The First Lady of Satire

(1st century Rome)

Satire existed all the way back in Jesus times, but it was different from the satire we have today. Ancient Romans didn’t have McSweeney's or The Onion or anything like that.

Instead, satire took the form of poems that could range from light-hearted to downright vicious.

The genre was invented by a dude named Lucilius and was typically formatted in dactylic hexameter.

What in the ever-loving heck is dactylic hexameter?!

It’s the same structure you see in epics like the Iliad and the Odyssey. It is complicated to explain and honestly, who gives a shit?

Among the Satire Boys’ Club, there was one awesome lady kicking ass and taking names.

That was Sulpicia.

Yale classics scholar Amy Richlin describes her as “a lost Roman satirist, the only woman writer associated with any comic genre in antiquity.”

The ONLY known member of the ancient lady laughter literati! Whaaaaa!!

One of the sad things about being the first female satirist in recorded history is that we know very little about her life or her writing.

Only TWO lines of her work remain today. The rest has been lost to the ages. TWO LINES!

I mean, it was two thousand years ago, and nobody was going around being like “hey, we have to preserve this woman’s work for future generations!”

In the two lines that still exist, Sulpicia describes herself lying in bed with her husband, “stripped bare.”

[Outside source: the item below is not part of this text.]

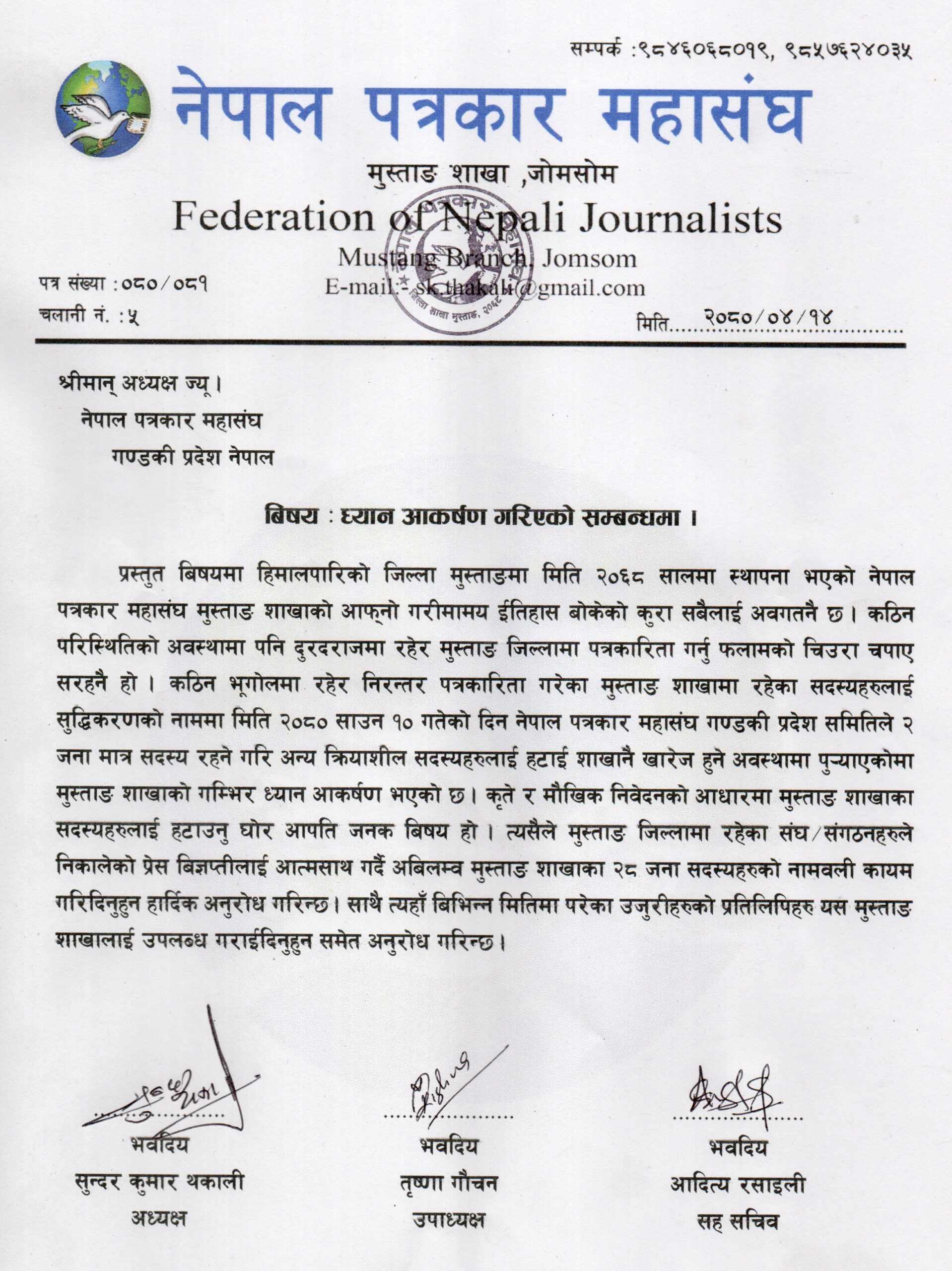 नेपाल पत्रकार महासंघ गण्डकी प्रदेश समितिले मिति २०८० साउन १० गतेको दिन महासंघको मुस्ताङ शाखा मातहतमा क्रियाशिल साधारण सदस्यहरु मध्ये २ जनाको मात्र सदस्य रहने गरी सदस्य सुद्धिकरणको नाममा अन्य सबै सदस्यहरुलाई हटाईएको प्रति खेद व्यक्त गरेका हुन् ।

That’s it! That’s all that’s left! It’s not even funny!

Thankfully, other writers and historians of the time knew all about Sulpicia, and THEY wrote about HER. And some of those writings still exist! So we have a bit more insight from the following folks...

Roman poet Martial said that Sulpicia “teaches chaste and proper loves, games, delights, frivolities. One who judges her songs rightly will say no woman is naughtier.”

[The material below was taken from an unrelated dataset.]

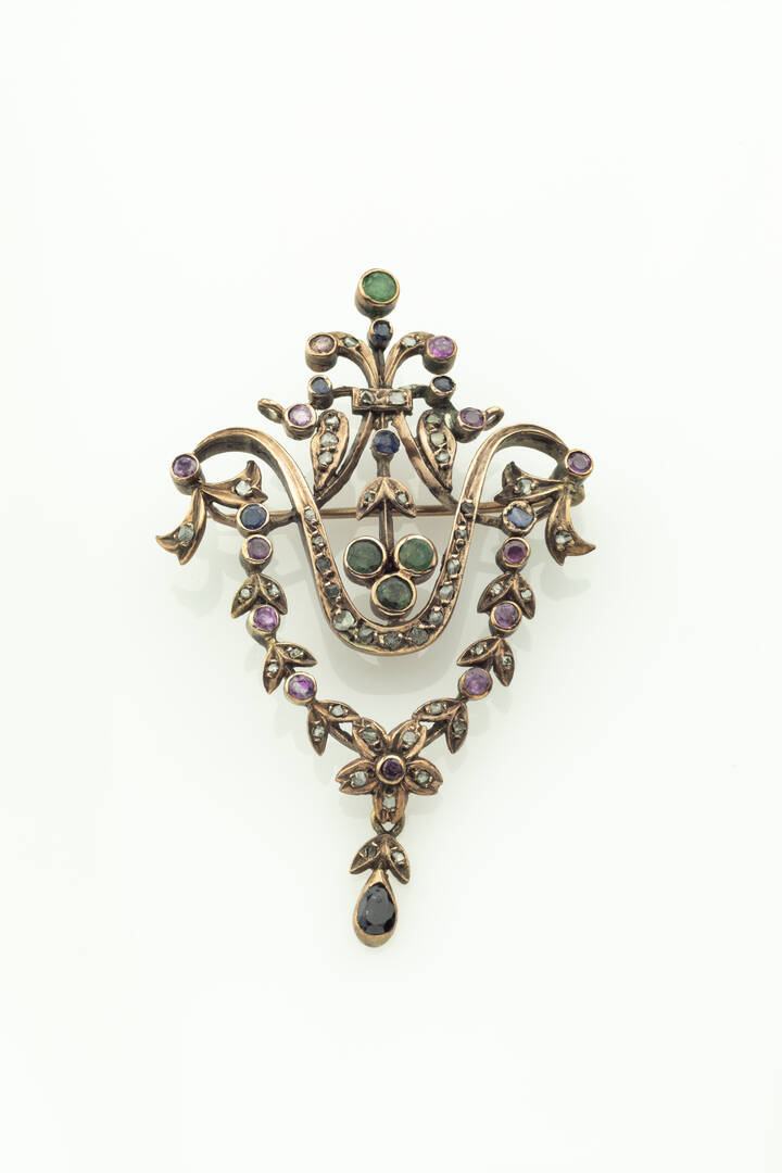 in argento ed oro a bassa caratura, XIX secolo, con festone mobile, impreziosita da rosette di diamanti, rubino, zaffiri e smeraldi taglio rotondo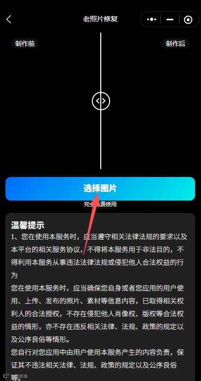 3、再点击「选择图片」,上传一张你要修复的图片

A couple hundred years after her death, someone includes Sulpicia in a long poem that lists all the famous writers of the time and mentions her “sweet talking joke.”

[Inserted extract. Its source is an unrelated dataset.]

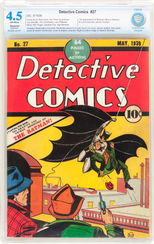 Detective Comics #27, DC Comics, May 1939 Graded by CBCS at Restored 4.5 Extensive Amateur sold for $167,300.00.

Sidonius Apollinaris called Sulpicia “inimitable,” which is extra hilarious, because it’s thought by some that Juvenal, the famous woman-hating satirist, might have actually imitated (cough cough STOLEN) some of Sulpicia’s work and passed it off as his own.

Oh, the irony!

But we have Sulpicia to thank for being the first satirical female writer on record. THANK YOU, SULPICIA!